Russia's non-oil deficit falling but not far or fast enough
Oil vs non-oil revenues and deficit in Russia's tax revenue and budget / bne IntelliNews
By Ben Aris in Berlin May 18, 2017

Oil used to be the key factor in Russia’s budget income, and since prices collapsed at the end of 2014 the non-oil income has become more important.

Oil revenues have always made up about half of the finance ministry’s budget revenues as a percentage of GDP over the last decade. In absolute terms the amount of cash has risen steeply, but that has lifted the whole economy, keeping the proportion in the revenues about the same. (2009 was an exception, when it fell to 40% after oil prices fell briefly to $35.)

However, more recently oil’s share has fallen again but remains very volatile as a share of revenues, leaving the Kremlin to try and cope with very volatile income. In 2016, the share of oil revenues in the government’s income bounced between 25% (March, December) and 50% (May, November).

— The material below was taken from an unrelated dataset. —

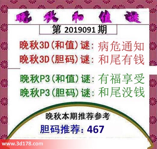 晚秋3D(和值)谜:病危通知

At the same time, the absolute amount of cash the Kremlin earned from oil exports remained relatively stable at just under RUB500bn (currently $8.64bn) per month for most of the last two and half years. This is because Russia has worked hard to make up for the fall in prices by increasing the volume of oil produced to a record 11mn barrels a day. More rises are now curbed by a deal with Opec signed at the end of last year and due to be renewed at the oil producing cartel’s Vienna meeting in June.

The role of oil is important to understand the deficit’s significance for Russia’s economic health. While the finance ministry is fully focused on funding the headline federal budget deficit – Russia is on course to run a 2% of GDP deficit in 2017 – the more important deficit is the non-oil deficit (what the budget deficit would be if all the oil magically disappeared).

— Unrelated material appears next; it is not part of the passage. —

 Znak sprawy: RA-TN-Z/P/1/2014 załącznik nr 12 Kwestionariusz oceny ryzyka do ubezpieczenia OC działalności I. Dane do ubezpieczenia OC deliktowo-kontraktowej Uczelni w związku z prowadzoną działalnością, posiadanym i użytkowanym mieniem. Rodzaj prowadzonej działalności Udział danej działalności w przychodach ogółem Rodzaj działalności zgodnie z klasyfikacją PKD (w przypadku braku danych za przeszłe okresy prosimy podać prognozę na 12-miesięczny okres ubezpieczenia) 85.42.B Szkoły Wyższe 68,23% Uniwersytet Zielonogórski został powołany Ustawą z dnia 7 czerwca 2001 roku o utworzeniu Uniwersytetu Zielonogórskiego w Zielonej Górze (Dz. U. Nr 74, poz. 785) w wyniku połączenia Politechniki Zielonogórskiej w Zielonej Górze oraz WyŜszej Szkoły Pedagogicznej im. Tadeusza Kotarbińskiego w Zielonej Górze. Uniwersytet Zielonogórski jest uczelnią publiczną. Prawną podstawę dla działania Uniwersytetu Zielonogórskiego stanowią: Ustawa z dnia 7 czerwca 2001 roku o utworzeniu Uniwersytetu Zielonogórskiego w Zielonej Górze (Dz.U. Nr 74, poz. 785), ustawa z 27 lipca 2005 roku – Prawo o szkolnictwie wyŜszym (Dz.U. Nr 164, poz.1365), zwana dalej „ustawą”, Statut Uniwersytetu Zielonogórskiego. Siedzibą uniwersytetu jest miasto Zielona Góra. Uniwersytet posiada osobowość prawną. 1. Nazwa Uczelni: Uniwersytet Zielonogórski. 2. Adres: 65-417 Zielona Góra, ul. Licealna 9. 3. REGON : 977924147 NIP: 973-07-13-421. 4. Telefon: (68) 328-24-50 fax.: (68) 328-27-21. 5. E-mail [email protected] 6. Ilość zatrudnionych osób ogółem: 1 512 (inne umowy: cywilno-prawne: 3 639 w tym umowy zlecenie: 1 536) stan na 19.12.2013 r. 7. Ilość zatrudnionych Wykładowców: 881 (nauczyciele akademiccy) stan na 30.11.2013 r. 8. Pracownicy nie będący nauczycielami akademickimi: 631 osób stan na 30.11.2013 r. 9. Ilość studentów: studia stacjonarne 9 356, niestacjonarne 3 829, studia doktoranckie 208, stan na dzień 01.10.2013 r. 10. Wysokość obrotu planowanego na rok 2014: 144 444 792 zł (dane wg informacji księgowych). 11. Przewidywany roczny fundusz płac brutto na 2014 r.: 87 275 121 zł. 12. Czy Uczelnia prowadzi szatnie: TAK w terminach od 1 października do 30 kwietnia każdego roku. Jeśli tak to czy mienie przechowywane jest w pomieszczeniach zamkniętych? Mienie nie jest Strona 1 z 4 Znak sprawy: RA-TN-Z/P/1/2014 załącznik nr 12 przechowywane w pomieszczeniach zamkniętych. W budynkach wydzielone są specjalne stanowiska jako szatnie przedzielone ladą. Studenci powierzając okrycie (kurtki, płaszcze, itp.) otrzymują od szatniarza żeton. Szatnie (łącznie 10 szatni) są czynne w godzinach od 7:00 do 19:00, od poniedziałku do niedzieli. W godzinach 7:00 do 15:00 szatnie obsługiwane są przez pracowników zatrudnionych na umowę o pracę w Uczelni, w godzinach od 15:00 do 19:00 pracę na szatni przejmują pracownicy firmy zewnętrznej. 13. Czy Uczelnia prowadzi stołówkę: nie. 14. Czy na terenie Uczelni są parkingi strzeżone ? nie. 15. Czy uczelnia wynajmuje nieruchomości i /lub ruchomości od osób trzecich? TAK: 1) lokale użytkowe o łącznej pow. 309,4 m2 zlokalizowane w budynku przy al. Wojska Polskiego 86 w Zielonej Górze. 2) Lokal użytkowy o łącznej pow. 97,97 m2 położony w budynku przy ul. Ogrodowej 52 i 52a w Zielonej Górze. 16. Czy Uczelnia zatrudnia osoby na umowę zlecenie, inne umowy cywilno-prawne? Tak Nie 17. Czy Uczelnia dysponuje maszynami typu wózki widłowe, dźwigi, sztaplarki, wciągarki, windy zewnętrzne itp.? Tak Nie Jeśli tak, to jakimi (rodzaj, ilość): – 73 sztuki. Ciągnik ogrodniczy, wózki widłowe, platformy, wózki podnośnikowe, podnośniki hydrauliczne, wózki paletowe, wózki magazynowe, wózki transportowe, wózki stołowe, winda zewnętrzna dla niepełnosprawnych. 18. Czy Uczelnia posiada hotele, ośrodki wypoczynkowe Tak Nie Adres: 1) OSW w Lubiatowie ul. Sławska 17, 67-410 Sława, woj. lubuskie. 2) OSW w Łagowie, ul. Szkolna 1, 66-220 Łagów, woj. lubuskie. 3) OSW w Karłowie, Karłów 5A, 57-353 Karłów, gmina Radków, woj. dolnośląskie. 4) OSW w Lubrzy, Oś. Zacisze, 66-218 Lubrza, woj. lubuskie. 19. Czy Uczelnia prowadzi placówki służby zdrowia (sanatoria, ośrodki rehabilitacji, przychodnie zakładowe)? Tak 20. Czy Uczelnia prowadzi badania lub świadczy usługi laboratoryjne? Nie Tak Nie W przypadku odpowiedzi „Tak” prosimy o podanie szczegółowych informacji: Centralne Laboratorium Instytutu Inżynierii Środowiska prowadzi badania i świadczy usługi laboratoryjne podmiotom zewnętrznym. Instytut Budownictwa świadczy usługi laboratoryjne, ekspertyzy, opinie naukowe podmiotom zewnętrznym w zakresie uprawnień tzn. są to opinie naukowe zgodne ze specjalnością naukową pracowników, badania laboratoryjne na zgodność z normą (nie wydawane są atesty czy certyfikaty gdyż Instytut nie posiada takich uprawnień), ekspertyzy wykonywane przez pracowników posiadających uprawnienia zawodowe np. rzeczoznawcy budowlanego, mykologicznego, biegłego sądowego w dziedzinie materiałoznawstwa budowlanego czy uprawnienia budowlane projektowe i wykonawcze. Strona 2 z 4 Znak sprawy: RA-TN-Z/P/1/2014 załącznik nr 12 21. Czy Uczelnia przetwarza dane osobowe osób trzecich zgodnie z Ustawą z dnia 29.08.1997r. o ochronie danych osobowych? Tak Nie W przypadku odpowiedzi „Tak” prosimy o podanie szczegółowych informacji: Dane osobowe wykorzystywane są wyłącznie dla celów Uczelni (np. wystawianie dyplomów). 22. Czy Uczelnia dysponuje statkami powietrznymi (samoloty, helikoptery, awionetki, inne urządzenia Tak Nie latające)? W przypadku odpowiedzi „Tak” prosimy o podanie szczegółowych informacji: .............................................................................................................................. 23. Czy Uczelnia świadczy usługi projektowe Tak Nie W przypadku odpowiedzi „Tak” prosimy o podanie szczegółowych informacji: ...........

Russia has always used its oil revenues to subsidise budget spending, so even in the boom years when it ran a nominal budget surplus, the non-oil deficit was actually negative and the finance ministry targetted 4% as a comfortable compromise between supercharging economic growth and building up reserves.

In crisis years the non-oil deficit balloons out as the government is forced to tap oil income and reserves to bail out the struggling economy. In 2009, the non-oil deficit reached some -13% of GDP, which is not sustainable.

In general, the non-oil deficit is a much better gauge of how well the finance ministry is coping with the crisis than the headline deficit and it has been doing a good job, although here too the government finances remain exposed to oil price fluctuation shocks.

The ministry started 2016 with a non-oil deficit of 13% in the first quarter, but during the rest of the year managed to wrangle it down to 9%, with a low of 6% in November before the traditional holiday season blow out in December when the non-oil deficit spiked to 20%.

This year is looking a little better as the finance ministry started with a 7.2% non-oil deficit in January, which rose to 12% in February, but once spring arrives, and assuming another good harvest this year, the finance ministry should be able to wrangle the non-oil deficit down again. However, without deep reforms and a return to strong growth the preferred -4% for the non-oil deficit will not be obtainable in the foreseeable future.